Materials and procedure

At the screening appointment (Time 1), children were given measures of ASD diagnosis and symptom severity, adaptive behavior, and gesture skills. At rescreening (Time 2), measures of symptom severity and adaptive behavior were administered.

ASD diagnosis and symptom severity

The Childhood Autism Rating Scale, Second Edition (CARS-2; Schopler, Van Bourgeondien, Wellman, & Love, 2010) was used to rate severity of autism symptomatology. The CARS-2 provides a total score and a diagnostic description ranging from mild to severe. Concurrent validity with the ADOS (Autism Diagnostic Observation Schedule) and ADI-R (Autism Diagnostic Interview—Revised) is reported to be between .77 and .79 (Vaughn, 2011) and .67, respectively (Saemundsen, Magnusson, Smari, & Sigurdardottir, 2003). Higher scores indicate higher symptom severity. The total score on the CARS-2 at Time 2 was used to represent symptom severity as an outcome variable.

Six items from the CARS-2 Time 1 were used to create two composite scores (of three items each) to represent the two core symptoms for ASD: Social Communicative Skills and Restricted Repetitive Behaviors. Since a number of items on the CARS-2 overlap between social communicative skills and restricted repetitive behaviors (e.g., listening response can be scored for responding to name and also sensory aversion), the number of items per composite was restricted to the nonoverlapping items. The Social Communication Skills Composite score was the average of the three items: Imitation, Nonverbal Communication (which includes gestures), and Relating to People. The Restricted Repetitive Behavior Composite score was the average of the three items: Body Use, Object Use, and Taste, Smell, and Touch.

Adaptive behavior

The Vineland Adaptive Behavior Scales, Second Edition, Survey Interview Form (VABS; Sparrow, Cicchetti, & Balla, 2005), a caregiver interview report, was used to measure adaptive functioning. Four domain standard scores (Communication, Daily Living Skills, Socialization, and Motor Skills) are provided. An adaptive behavior composite score was calculated from the sum of the domain scores. The adaptive behavior composite from Time 1 was used as a predictor variable in the second research question.

Gesture skills

The MacArthur-Bates Communicative Development Inventory: Words and Gestures (CDI; Fenson et al., 2007) were used to measure gesture skills. The gestures subsection, which contains 63 items, was recoded to distinguish between social communicative and functional gestures. Guided by the literature on language and gesture development (Alibali & Goldin-Meadow, 1993; Capone & McGregor, 2004; Ozcaliskan & Goldin-Meadow, 2005) we suggest that social communicative gestures require an understanding of symbols, are typically acquired by implicit learning or imitation, and require interaction with others (e.g., nods head yes, shakes head no). Gestures that may have a social context but are often explicitly taught were not included in this category. Waving goodbye, for example, is a gesture that parents typically explicitly teach and strongly and positively reward their child for engaging in (Jones, 2014). Functional gestures do not require an understanding of symbols, are used to regulate one's environment, and may be used in isolation without interaction with others (e.g. dances, eats with a spoon or fork).

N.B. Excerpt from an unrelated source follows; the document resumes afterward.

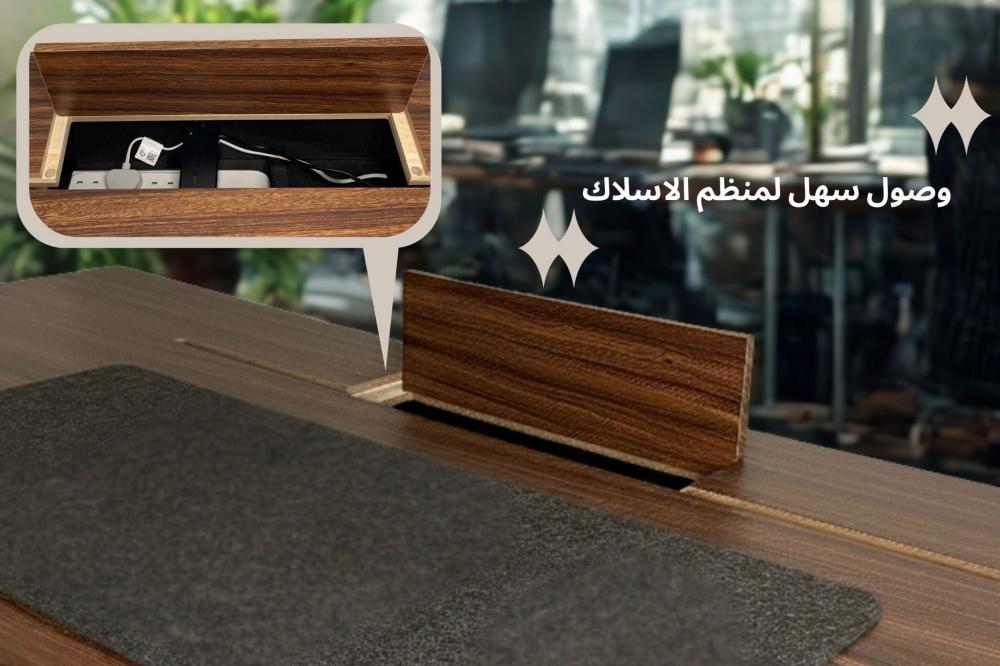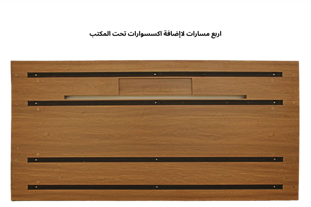 يحتوي المكتب على بوكس علوي مخفي يفتح بسهولة للوصول إلى منظم الأسلاك الداخلي، ما يحافظ على مظهر نظيف واحترافي لمساحة العمل. كما يأتي مزودًا بـ أربع مسارات T-Rail أسفل السطح تتيح إضافة إكسسوارات مستقبلية مثل منظم كيابل، أدراج، أو حامل كمبيوتر بكل مرونة.

Recoding of the gestures portion of the CDI identified 30 items as social communicative, 31 items as functional gestures, and 2 items as social communicative but commonly taught. Given the small number in the taught category, these items were dropped from the analysis and only the social communicative and functional gesture categories were utilized. Four of the five subcategories of the gesture items in the CDI are coded dichotomously (present or absent). In one subsection the coding is broken down to never, sometimes, and often. For this subcategory, the sometimes and often codes were collapsed into one (present) so that all subcategories were dichotomously coded. Proportion scores were calculated for each gesture category.

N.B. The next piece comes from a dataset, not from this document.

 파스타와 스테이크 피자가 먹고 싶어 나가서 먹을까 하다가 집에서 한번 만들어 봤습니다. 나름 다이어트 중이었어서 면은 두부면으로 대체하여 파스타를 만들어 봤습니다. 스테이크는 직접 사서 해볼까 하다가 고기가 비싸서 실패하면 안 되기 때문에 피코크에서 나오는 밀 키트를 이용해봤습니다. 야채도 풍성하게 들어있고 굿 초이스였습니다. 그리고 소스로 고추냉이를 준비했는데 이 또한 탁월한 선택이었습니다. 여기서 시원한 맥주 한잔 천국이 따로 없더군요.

Reliability was confirmed, κ = .91, p < .001, for the recoding of the CDI gestures into social communicative and functional gesture categories before scoring of the current study data began. Discrepancies were resolved through discussion between the first and second author.

Procedure

All children identified for rescreening from 2000 to 2014 at two time points: initial screening (Time 1) and the rescreening approximately 12 months later (Time 2) were included in the present study (n = 199).

Results

Data screening

Data distributions were screened for univariate and multivariate normality, linearity, homogeneity of variances, and independence of observations and all assumptions were met with the exception of univariate normality for social communicative gestures, which was positively skewed. This was to be expected since many children in the group had few if any gestures. As a result, confidence intervals and standard errors based on 1000 bootstrap samples were applied to the regression analysis that utilized the social communicative gestures variable. Bootstrapping allows for an estimation of the property of the sampling distribution using the sample data, and a computation of robust estimates of the beta values and confidence intervals (Wright, London, & Field, 2011) despite the skewness of the one variable. Casewise diagnostics and Mahalanobis distance values identified two cases that were potential influential outliers. Parallel analyses were completed and results were equivalent with and without the outliers. Thus results were reported with the outliers included in the data.

Sample characteristics

Descriptive characteristics of the sample are reported in Table 1. Information pertaining to the language spoken in the home was obtained from the files where possible and indicated a diverse group of languages spoken in the home, typical of a large urban population. Also typical of urban families, the majority of the children (81%) belonged to one or two-children households. These are characteristics that are representative of a typical large urban Canadian population.

Table 1.

Descriptive characteristics.

Variable	M	SD	Range
Age T1 (months)^a	31.10	8.50	18.00–64.00
Symptom severity T2^a	30.99	4.84	20.00–44.50
Adaptive level T1^b	64.91	9.65	44.00–94.00
Symptom composites T1^a
Social communicative	6.57	1.10	3.50–9.00
Restricted repetitive behaviors	6.41	1.16	3.50–9.50
Gestures T1^c
Social communicative	.23	.18	.00–.77
Functional	.38	.23	.00–.94

Symptom severity: CARS-2 total score; adaptive level: vineland adaptive behavior composite standard score; social communicative composite and restricted repetitive behaviors composite are based on the CARS; social communicative gestures and functional gestures are based on the communicative development inventory.

n = 199.

n = 186.

n = 150.

Although the children in the sample were wait-listed for Intensive Behavioral Intervention, all were eligible for Applied Behavior Analysis (a less intensive form of therapy applicable to a broader age) and other intervention services, such as speech language therapy. A small percentage (13%) of the families in the sample reported that they had obtained therapy services through private agencies for at least a brief period before Time 2. A visual inspection of the data indicated only five of the children who were reported to be receiving therapy received more than 10 h of therapy per week and none were reported as receiving more than 18 h per week. Since it is the general consensus of the literature that a minimum of 20 h of therapy per week qualifies as intensive intervention (Gabriels, Hill, Pierce, Rogers, & Wehner, 2001; Freeman & Perry, 2010), the very small number of children receiving this therapy for an undetermined amount of time would not significantly affect the data.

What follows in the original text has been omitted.